**Task to complete**
All of the records below must be reproduced exactly, minus any pictures.

**Supplied records**

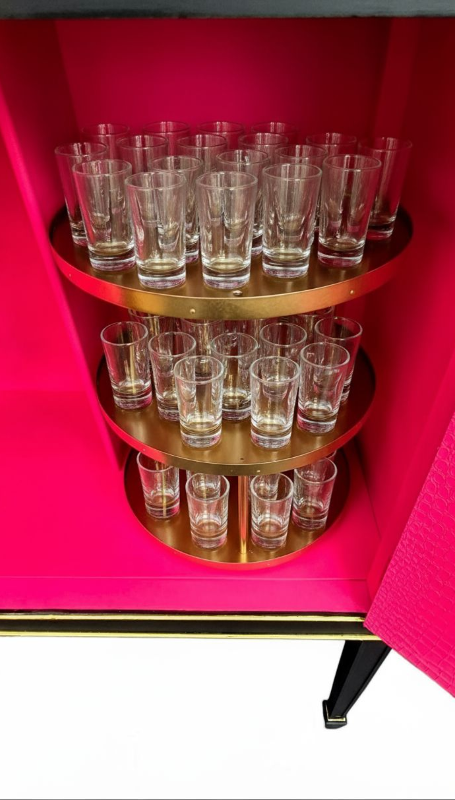 The drawer is lined in vibrant pink neon snakeskin, while the interior doors echo the same exotic texture for a truly cohesive finish. Inside, a striking three-tiered rotating gold shelf provides the perfect place to store shot glasses, jewellery, or makeup, adding both glamour and practicality. The lower compartment offers generous space for bottles and glassware if used as a cocktail cabinet — or for jewellery, makeup, or personal treasures if styled differently.
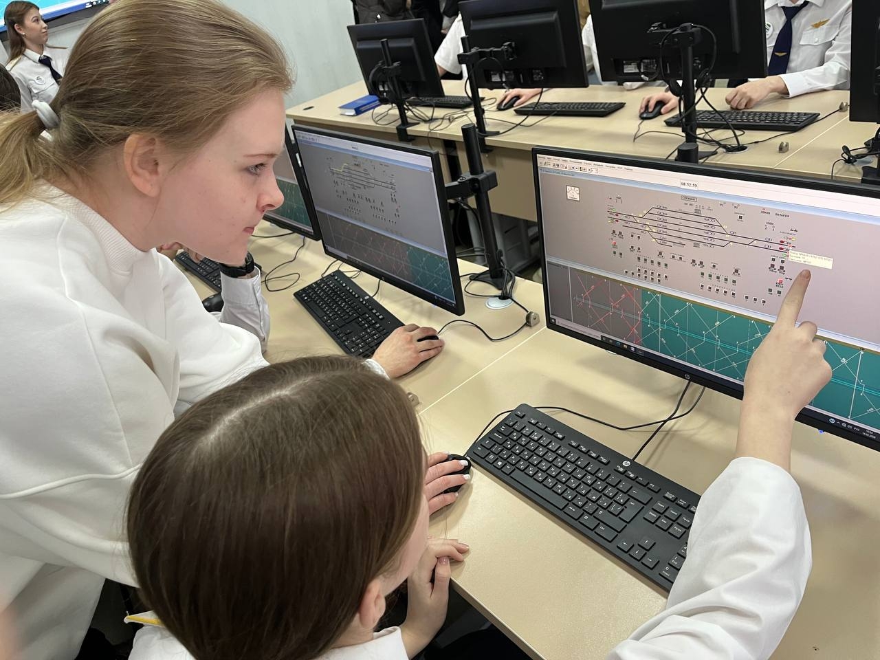 Практическое погружение в профессию. Гости разошлись по специализированным точкам, где преподаватели и студенты провели мастер-классы. Абитуриенты смогли увидеть реальное оборудование в действии, поработать на тренажёрах и лично пообщаться с наставниками и студентами.
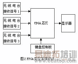 本设计主要包括输入、输出,子模块黑盒子(Black Box)声明,以及子模块之间的连接关系,子模块间的接口以及子模块与顶层模块的接口,设计所做的实验是基于Quartus II,它是Altera前一代FPGA/CPLD集成开发环境 MAX+plusII 的更新换代产品,其界面友好,使用便捷。在Quartus II提供了一种与结构无关的设计环境,使设计者能方便的进行设计输入、快速处理和器件编程。由于FPGA的原理、编程和使用方法已经有大量的文章论述了,本文不在此进一步解释程序中的编程。从结构上讲,本设计的整个定位系统总共由3部分组成, 它们分别是:功能控制键输入系统,3个无线电收音机报时接收器的并行输入系统,计算部分和显示部分。系统的结构框图如图2所示。每一个地方发送过来的信号的频率都是不一样的,所以系统根据设置不同的频率接收不同的电台报时。本设计中规定来自北京的接收信号1,来自上海的接收信号2,而来自武汉的接收信号3。在所需要的信号接受完后,经过FPGA芯片系统对接收信号时间间隔的运算,可以计算出设备所在地的具体位置,这个位置在显示部分显示出来,按键的作用是控制输入信号接受器和启动计算并显示。
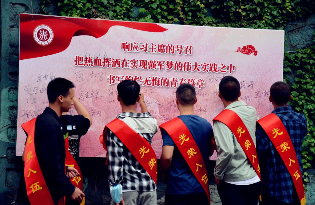 薛书记讲话后,全体同学高唱《强军战歌》,并在“响应习近平总书记的号召,把热血挥洒在实现强军梦的伟大实践之中,书写绚烂无悔的青春篇章”签名墙签名。
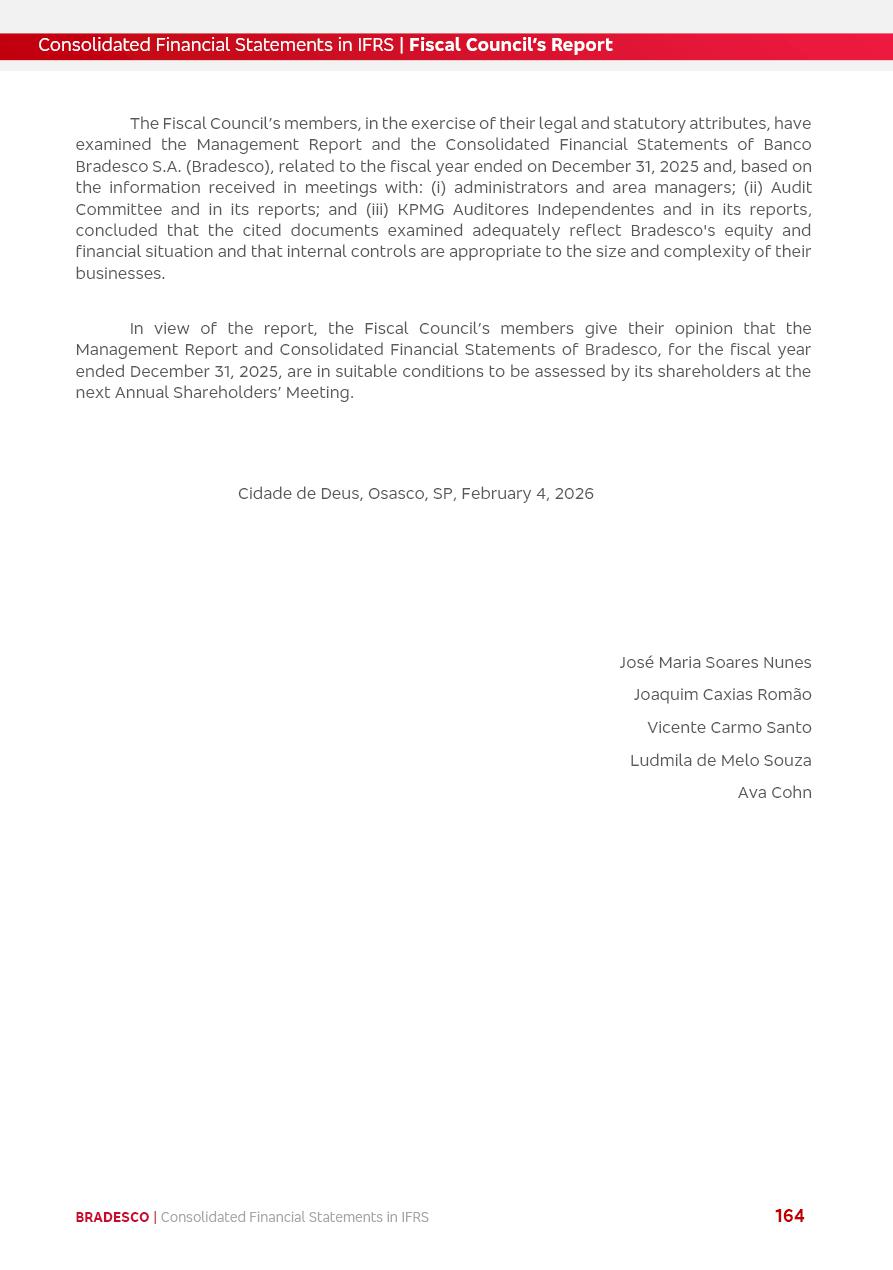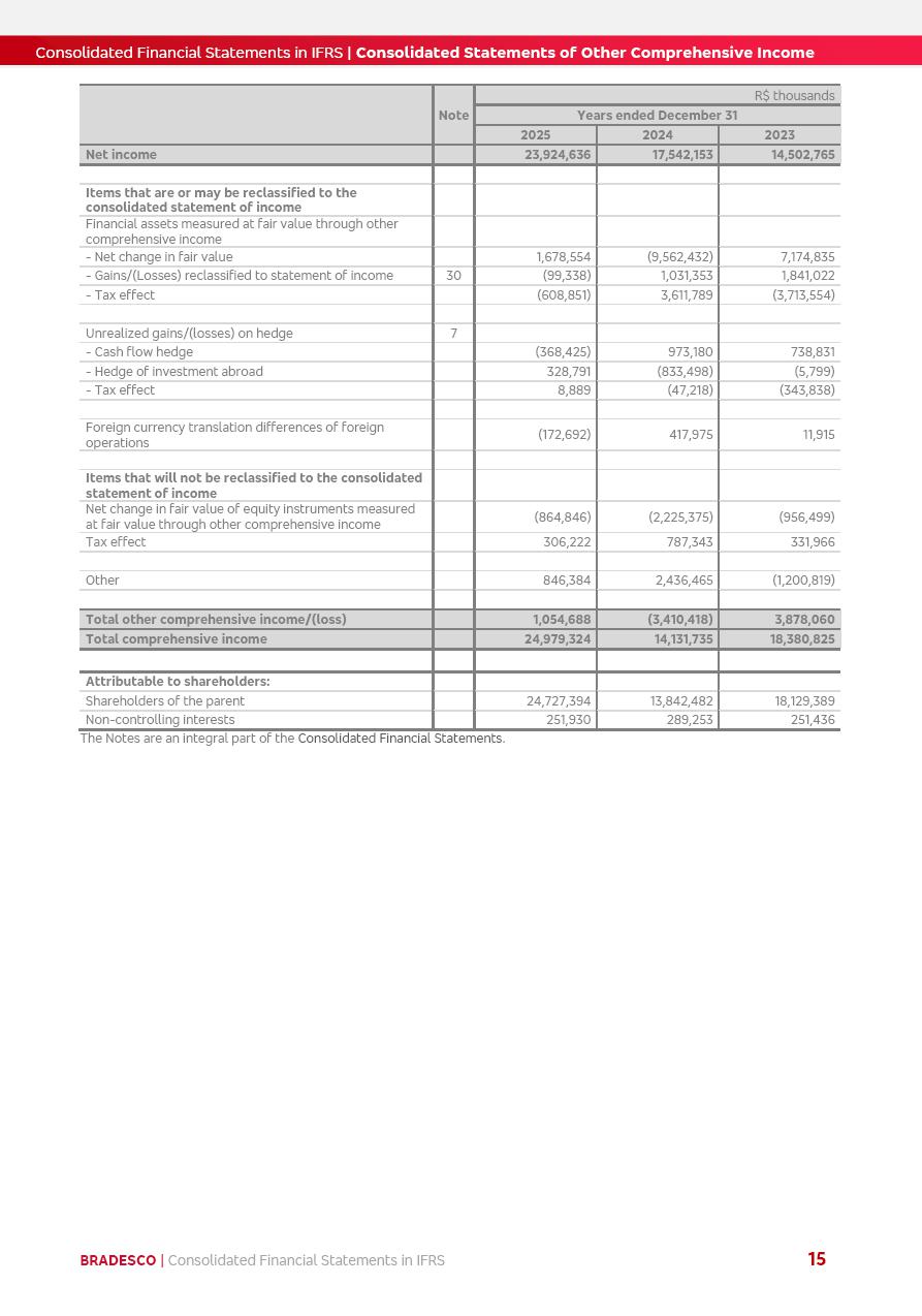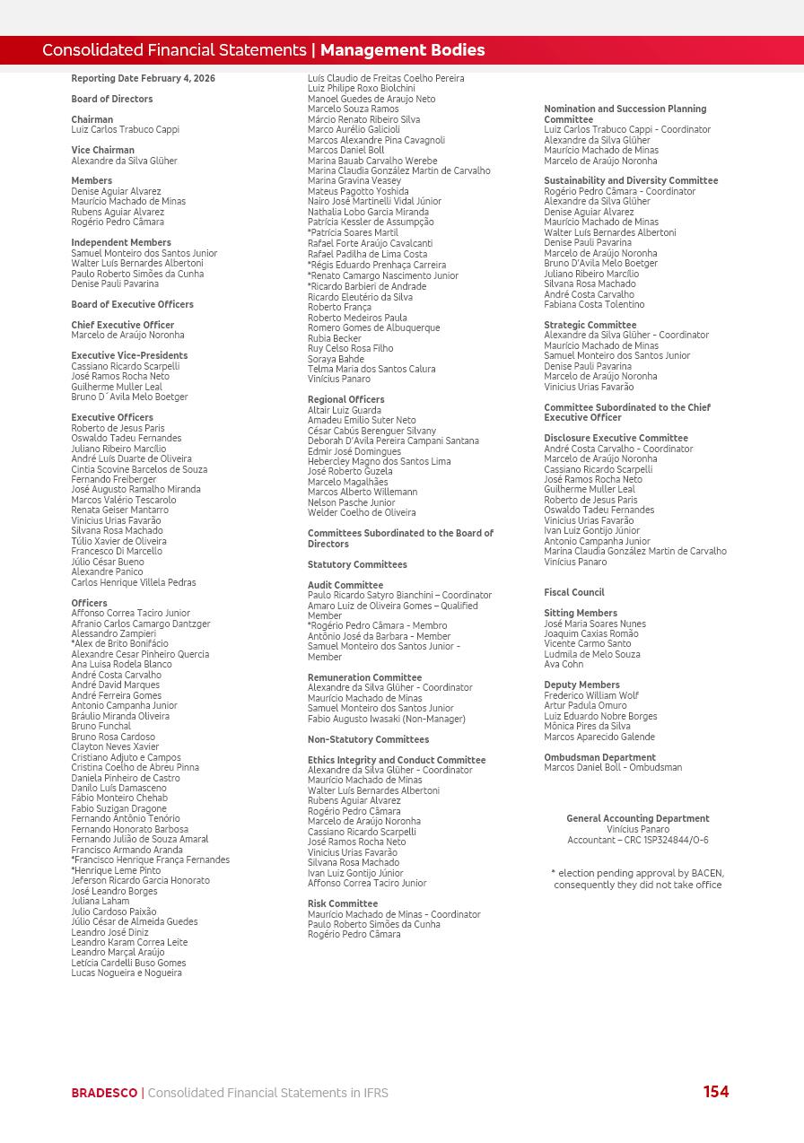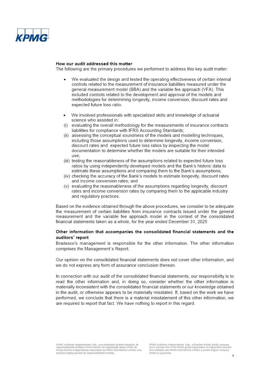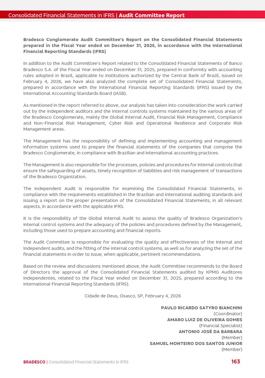 Consolidated Financial Statements 2025 in accordance with International Financial Reporting Standards (IFRS) issued by the International Accounting Standards Boards (IASB) Management Report BRADESCO | Management Report | Consolidated Financial Statements in IFRS 2 Message to Shareholders Throughout our trajectory, we have maintained a firm commitment to serve with excellence, strengthening the brand and reaffirming the relationship of partnership and trust with millions of Brazilians. In 2025, a year marked by a still challenging economic environment and constant changes in the market, our adaptability, resilience and strategic focus were essential. With the commitment and dedication of the teams, we moved forward with consistency in meeting the objectives, preserving the solidity of the operations and expanding initiatives that contribute to the sustainable development of the Country. We believe in the potential of Brazil and the strength of its people, which, with determination, continues to drive economic and social growth. In line with the commitment to transparency and democratization of information, we present in this report a detailed view of the main developments and results achieved in the fiscal year, reinforcing our ethical posture and corporate responsibility. To our shareholders, clients and partners, we thank you for the continued support, the trust in our decisions and the preference that motivates us to move forward, always focusing on delivering value and building an even more promising future. Cidade de Deus, February 04, 2026 Board of Directors and Board of Executive Officers Management Report BRADESCO | Management Report | Consolidated Financial Statements in IFRS 3 Dear Shareholders, We hereby present the Consolidated Financial Statements of Banco Bradesco S.A. related to 2025. We follow all International Financial Reporting Standards (IFRS) practices issued by the International Accounting Standards Board (IASB). Economic Comment The Brazilian economy slowed down in the second half of 2025. The household consumption lost traction throughout the year, responding to the restrictive monetary policy. One-off factors may lead to some re-acceleration of the GDP at the beginning of the year, but our projections indicate a weaker growth in 2026. Inflation closed 2025 within the target range two years above it, with important contributions from exchange rate valuation and accommodation of the economic activity. We believe that deflation will continue in the coming months, allowing the Central Bank of Brazil to start cutting the basic interest rate later this quarter. Uncertainties remain high on the international scene. While the US economy remains resilient, doubts about the US economic policy represent an important risk vector for the global economy. This context is aggravated by geopolitical disputes around the world. Highlights in the period In November 2025, Banco Bradesco S.A. (“Bradesco”) noticed to its shareholders and the market in general the Notice to the Market that Atlântica Hospitais and Participações S.A., a company focused on investment in hospitals, indirectly controlled by Bradesco and Bradseg Participações S.A., firmed an Investment Agreement with Rede D’Or São Luiz S.A. Group for the inclusion of Maternidade São Luiz Star, thus expanding the partnership firmed with Rede D’Or. The expansion of the Partnership is aligned with the strategy of Atlântica to invest in the health sector value chain through partnerships with players established in the operation of hospitals. In December 2025, Bradesco noticed to its shareholders and the market in general, through a Relevant Fact, that the proposal of the Company’s Board of Directors was approved for the payment of complementary interest on own equity, in the total amount of R$3,9 billion, of which R$0.351190748 per common share and R$0.386309823 per preferred share. Closing the fourth quarter of 2025, the Annual Calendar of Corporate Events for 2026 was released and, through a Notice to Shareholders, the planned schedule of the monthly payment of interest on own equity for the fiscal year of 2026, in accordance with the Systematic Monthly Payment of Interest on Own Equity. The disclosure of both documents reinforces Bradesco’s commitment to transparency, predictability and strategic alignment with shareholders and other stakeholders. BRADESCO | Management Report | Consolidated Financial Statements in IFRS 4 . highlighted information 2025 TOTAL DEPOSITS (Dec25 vs. Dec24) R$728.0 bi (+12.2%) R$23.9 bi R$178.4 bi +5.9% y/y EARNINGS PER SHARE BOOK VALUE PER SHARE BOOK NET INCOME R$2.13 common R$2.35 preferred R$16.87 SHAREHOLDERS’ EQUITY (1) MARKET VALUE TIER I CAPITAL R$178.7 bi 13.2% SECURITIES (Dec25 vs. Dec24) R$925.4 bi (+19.4%) FVPL: R$526.9 bi (+49.7%) FVOCI: R$139.0 bi (-11.1%) Amortized Cost: R$259.5 bi (-2.8%) EXPANDED LOAN PORTFOLIO (Dec25 vs. Dec24) R$1,089.2 bi (+11.0%) INDIVIDUALS: R$466.5 bi (+12.7%) COMPANIES: R$622.7 bi (+9.7%) ALLOWANCE FOR EXPANDED LOANS (Dec25 vs. Dec24) R$56.8 bi (-2.6%) INTEREST ON SHAREHOLDERS’ EQUITY R$14.5 bi (gross) +36.4% y/y (1) Equity attributable to shareholders of the parente. +0.8% y/y BRADESCO | Management Report | Consolidated Financial Statements in IFRS 5 Technology and innovation In two years of transformation, technology has become the core value leverage at Bradesco, providing more fluid and personalized customer experience, scalable operational efficiency with agility, security with cyber resilience and real-time prevention. With Agile@Scale, co-managed tribes between business and IT have increased efficiency, quality and value deliveries. In the period, we reduced the lead time by 43% and increased productivity by increasing the volume of deliveries to the business by 118% (vs. Dec23). The implementation of the AI First plan and the consolidation of the Bridge platform have democratized the use of GenAI in products and channels, with gov

**Exercise result**
 The drawer is lined in vibrant pink neon snakeskin, while the interior doors echo the same exotic texture for a truly cohesive finish. Inside, a striking three-tiered rotating gold shelf provides the perfect place to store shot glasses, jewellery, or makeup, adding both glamour and practicality. The lower compartment offers generous space for bottles and glassware if used as a cocktail cabinet — or for jewellery, makeup, or personal treasures if styled differently.
 Практическое погружение в профессию. Гости разошлись по специализированным точкам, где преподаватели и студенты провели мастер-классы. Абитуриенты смогли увидеть реальное оборудование в действии, поработать на тренажёрах и лично пообщаться с наставниками и студентами.
 本设计主要包括输入、输出,子模块黑盒子(Black Box)声明,以及子模块之间的连接关系,子模块间的接口以及子模块与顶层模块的接口,设计所做的实验是基于Quartus II,它是Altera前一代FPGA/CPLD集成开发环境 MAX+plusII 的更新换代产品,其界面友好,使用便捷。在Quartus II提供了一种与结构无关的设计环境,使设计者能方便的进行设计输入、快速处理和器件编程。由于FPGA的原理、编程和使用方法已经有大量的文章论述了,本文不在此进一步解释程序中的编程。从结构上讲,本设计的整个定位系统总共由3部分组成, 它们分别是:功能控制键输入系统,3个无线电收音机报时接收器的并行输入系统,计算部分和显示部分。系统的结构框图如图2所示。每一个地方发送过来的信号的频率都是不一样的,所以系统根据设置不同的频率接收不同的电台报时。本设计中规定来自北京的接收信号1,来自上海的接收信号2,而来自武汉的接收信号3。在所需要的信号接受完后,经过FPGA芯片系统对接收信号时间间隔的运算,可以计算出设备所在地的具体位置,这个位置在显示部分显示出来,按键的作用是控制输入信号接受器和启动计算并显示。
 薛书记讲话后,全体同学高唱《强军战歌》,并在“响应习近平总书记的号召,把热血挥洒在实现强军梦的伟大实践之中,书写绚烂无悔的青春篇章”签名墙签名。
 Consolidated Financial Statements 2025 in accordance with International Financial Reporting Standards (IFRS) issued by the International Accounting Standards Boards (IASB) Management Report BRADESCO | Management Report | Consolidated Financial Statements in IFRS 2 Message to Shareholders Throughout our trajectory, we have maintained a firm commitment to serve with excellence, strengthening the brand and reaffirming the relationship of partnership and trust with millions of Brazilians. In 2025, a year marked by a still challenging economic environment and constant changes in the market, our adaptability, resilience and strategic focus were essential. With the commitment and dedication of the teams, we moved forward with consistency in meeting the objectives, preserving the solidity of the operations and expanding initiatives that contribute to the sustainable development of the Country. We believe in the potential of Brazil and the strength of its people, which, with determination, continues to drive economic and social growth. In line with the commitment to transparency and democratization of information, we present in this report a detailed view of the main developments and results achieved in the fiscal year, reinforcing our ethical posture and corporate responsibility. To our shareholders, clients and partners, we thank you for the continued support, the trust in our decisions and the preference that motivates us to move forward, always focusing on delivering value and building an even more promising future. Cidade de Deus, February 04, 2026 Board of Directors and Board of Executive Officers Management Report BRADESCO | Management Report | Consolidated Financial Statements in IFRS 3 Dear Shareholders, We hereby present the Consolidated Financial Statements of Banco Bradesco S.A. related to 2025. We follow all International Financial Reporting Standards (IFRS) practices issued by the International Accounting Standards Board (IASB). Economic Comment The Brazilian economy slowed down in the second half of 2025. The household consumption lost traction throughout the year, responding to the restrictive monetary policy. One-off factors may lead to some re-acceleration of the GDP at the beginning of the year, but our projections indicate a weaker growth in 2026. Inflation closed 2025 within the target range two years above it, with important contributions from exchange rate valuation and accommodation of the economic activity. We believe that deflation will continue in the coming months, allowing the Central Bank of Brazil to start cutting the basic interest rate later this quarter. Uncertainties remain high on the international scene. While the US economy remains resilient, doubts about the US economic policy represent an important risk vector for the global economy. This context is aggravated by geopolitical disputes around the world. Highlights in the period In November 2025, Banco Bradesco S.A. (“Bradesco”) noticed to its shareholders and the market in general the Notice to the Market that Atlântica Hospitais and Participações S.A., a company focused on investment in hospitals, indirectly controlled by Bradesco and Bradseg Participações S.A., firmed an Investment Agreement with Rede D’Or São Luiz S.A. Group for the inclusion of Maternidade São Luiz Star, thus expanding the partnership firmed with Rede D’Or. The expansion of the Partnership is aligned with the strategy of Atlântica to invest in the health sector value chain through partnerships with players established in the operation of hospitals. In December 2025, Bradesco noticed to its shareholders and the market in general, through a Relevant Fact, that the proposal of the Company’s Board of Directors was approved for the payment of complementary interest on own equity, in the total amount of R$3,9 billion, of which R$0.351190748 per common share and R$0.386309823 per preferred share. Closing the fourth quarter of 2025, the Annual Calendar of Corporate Events for 2026 was released and, through a Notice to Shareholders, the planned schedule of the monthly payment of interest on own equity for the fiscal year of 2026, in accordance with the Systematic Monthly Payment of Interest on Own Equity. The disclosure of both documents reinforces Bradesco’s commitment to transparency, predictability and strategic alignment with shareholders and other stakeholders. BRADESCO | Management Report | Consolidated Financial Statements in IFRS 4 . highlighted information 2025 TOTAL DEPOSITS (Dec25 vs. Dec24) R$728.0 bi (+12.2%) R$23.9 bi R$178.4 bi +5.9% y/y EARNINGS PER SHARE BOOK VALUE PER SHARE BOOK NET INCOME R$2.13 common R$2.35 preferred R$16.87 SHAREHOLDERS’ EQUITY (1) MARKET VALUE TIER I CAPITAL R$178.7 bi 13.2% SECURITIES (Dec25 vs. Dec24) R$925.4 bi (+19.4%) FVPL: R$526.9 bi (+49.7%) FVOCI: R$139.0 bi (-11.1%) Amortized Cost: R$259.5 bi (-2.8%) EXPANDED LOAN PORTFOLIO (Dec25 vs. Dec24) R$1,089.2 bi (+11.0%) INDIVIDUALS: R$466.5 bi (+12.7%) COMPANIES: R$622.7 bi (+9.7%) ALLOWANCE FOR EXPANDED LOANS (Dec25 vs. Dec24) R$56.8 bi (-2.6%) INTEREST ON SHAREHOLDERS’ EQUITY R$14.5 bi (gross) +36.4% y/y (1) Equity attributable to shareholders of the parente. +0.8% y/y BRADESCO | Management Report | Consolidated Financial Statements in IFRS 5 Technology and innovation In two years of transformation, technology has become the core value leverage at Bradesco, providing more fluid and personalized customer experience, scalable operational efficiency with agility, security with cyber resilience and real-time prevention. With Agile@Scale, co-managed tribes between business and IT have increased efficiency, quality and value deliveries. In the period, we reduced the lead time by 43% and increased productivity by increasing the volume of deliveries to the business by 118% (vs. Dec23). The implementation of the AI First plan and the consolidation of the Bridge platform have democratized the use of GenAI in products and channels, with gov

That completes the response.